• [Requirement] Reproduce the records precisely. Omit every picture.

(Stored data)
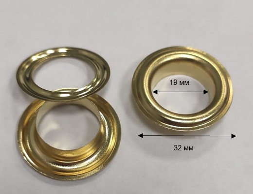 Люверс круглой формы. Внутренний диаметр отверстия 19 мм. Крепление развальцовкой. Покрытие gold
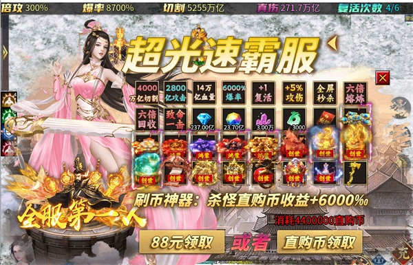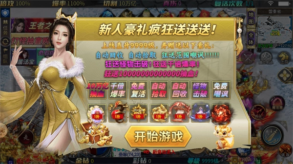1、充值比例1:1,上线即领万亿切割、范围嘲讽技能,还能直接直升9999级!
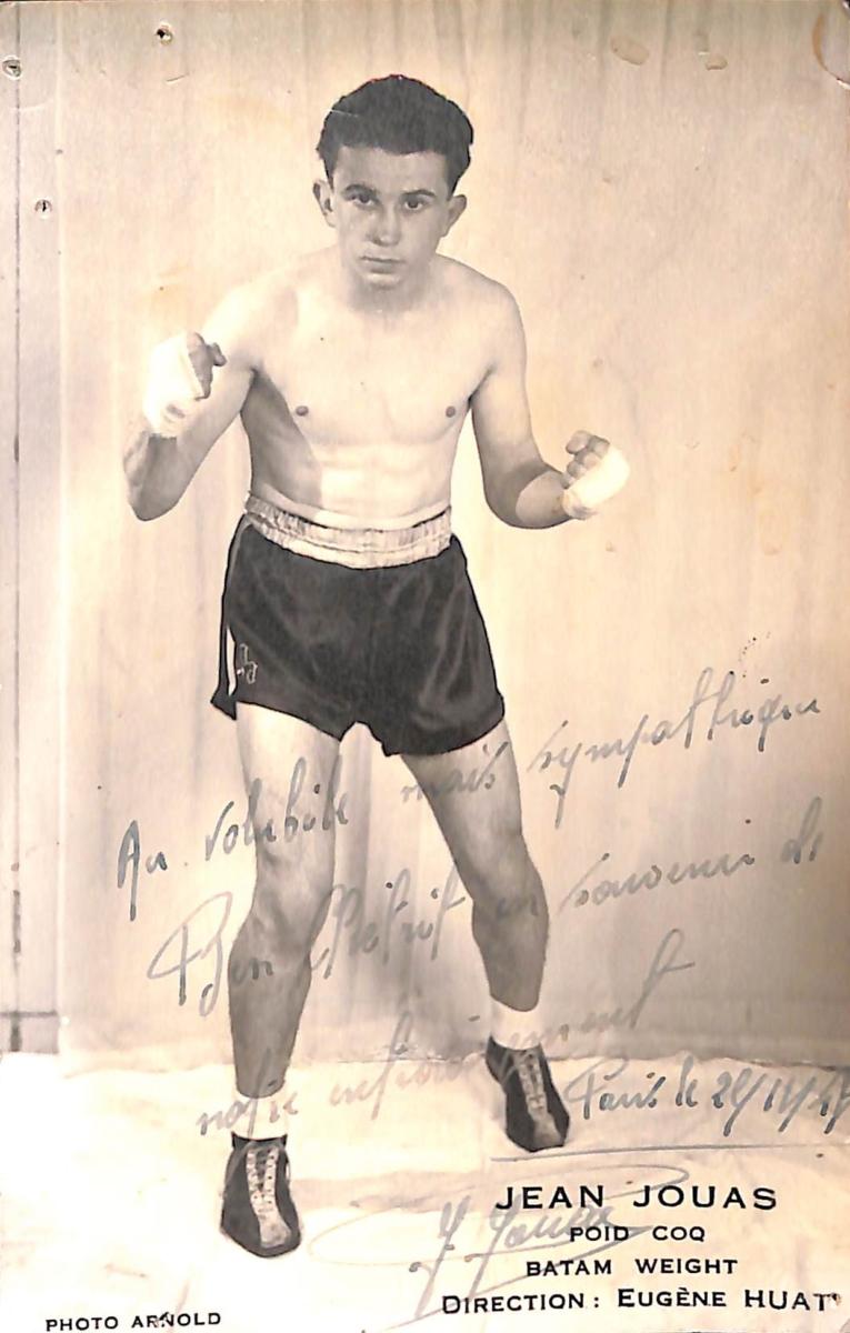 Carte photo dédicacée et datée du 28/11/1947 à Jean Jacques Benchetrit par Jean Jouas. Etat d’usage avec trous de punaises.
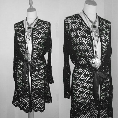 The combination of 4ply cotton and the lacy crocheted stitches result in an elegant cardigan perfect for any occassion. Cardigan can be crochted with long or short sleeves.
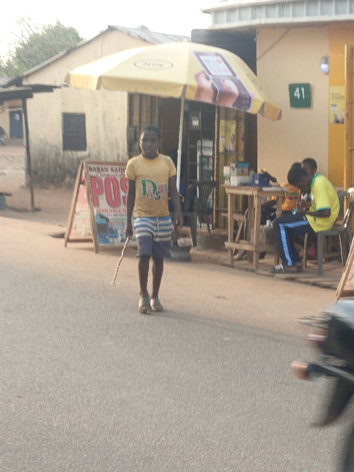 The image depicts a street scene in Akwanga, Nigeria. In the foreground, a young male, approximately 8-12 years old, stands centrally on an asphalt road. He wears a yellow t-shirt with a green and white "D'AS" logo, horizontally striped blue and white shorts, and light-colored sandals. He holds a slender, light-brown stick in his right hand, extending downwards. His gaze is directed forward. In the midground, to the boy's left, a sandwich board sign stands on the pavement, displaying red text that includes "POS" and "AVAILABLE HERE." Behind the sign, a light-colored building with a dark window is visible. To the boy's right, a light yellow commercial building with the green numeral "41" affixed to its facade is present. A large yellow MTN-branded umbrella extends from this building, featuring an image of a hand holding a mobile device. Beneath the umbrella, a wooden table is set up, behind which two individuals are seated. One individual, wearing a yellow t-shirt and blue track pants with a light blue stripe, is partially visible and appears to be interacting with an object on the table. The background shows a hazy sky above distant trees and buildings. A blurred dark object, possibly part of a vehicle, is visible in the bottom right corner of the frame. The scene is illuminated by natural daylight.
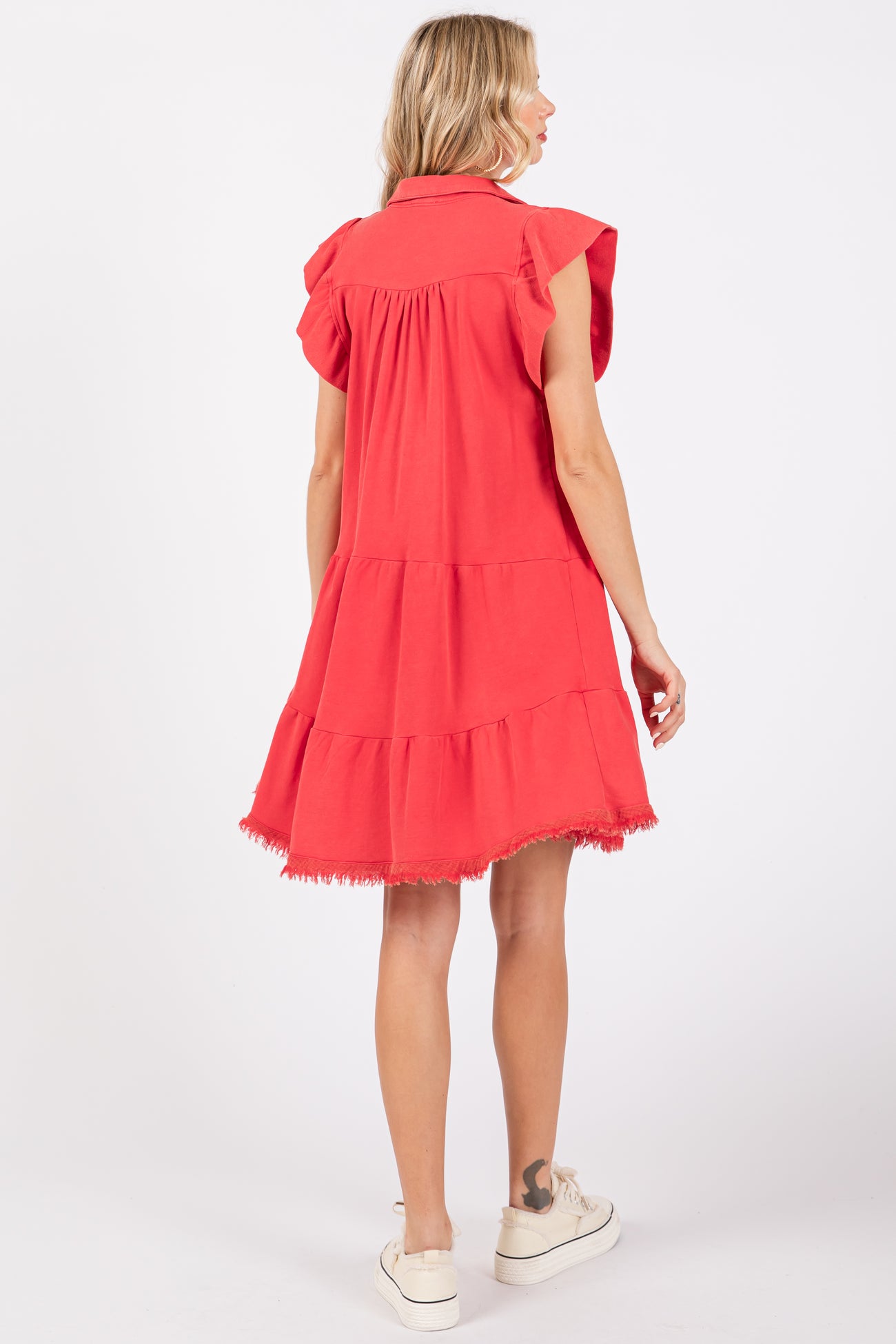 Details A french terry dress featuring flutter sleeves, a tiered skirt, a raw hem and a collared neckline. Content + Care

• [Answer for the task]
 Люверс круглой формы. Внутренний диаметр отверстия 19 мм. Крепление развальцовкой. Покрытие gold
1、充值比例1:1,上线即领万亿切割、范围嘲讽技能,还能直接直升9999级!
 Carte photo dédicacée et datée du 28/11/1947 à Jean Jacques Benchetrit par Jean Jouas. Etat d’usage avec trous de punaises.
 The combination of 4ply cotton and the lacy crocheted stitches result in an elegant cardigan perfect for any occassion. Cardigan can be crochted with long or short sleeves.
 The image depicts a street scene in Akwanga, Nigeria. In the foreground, a young male, approximately 8-12 years old, stands centrally on an asphalt road. He wears a yellow t-shirt with a green and white "D'AS" logo, horizontally striped blue and white shorts, and light-colored sandals. He holds a slender, light-brown stick in his right hand, extending downwards. His gaze is directed forward. In the midground, to the boy's left, a sandwich board sign stands on the pavement, displaying red text that includes "POS" and "AVAILABLE HERE." Behind the sign, a light-colored building with a dark window is visible. To the boy's right, a light yellow commercial building with the green numeral "41" affixed to its facade is present. A large yellow MTN-branded umbrella extends from this building, featuring an image of a hand holding a mobile device. Beneath the umbrella, a wooden table is set up, behind which two individuals are seated. One individual, wearing a yellow t-shirt and blue track pants with a light blue stripe, is partially visible and appears to be interacting with an object on the table. The background shows a hazy sky above distant trees and buildings. A blurred dark object, possibly part of a vehicle, is visible in the bottom right corner of the frame. The scene is illuminated by natural daylight.
 Details A french terry dress featuring flutter sleeves, a tiered skirt, a raw hem and a collared neckline. Content + Care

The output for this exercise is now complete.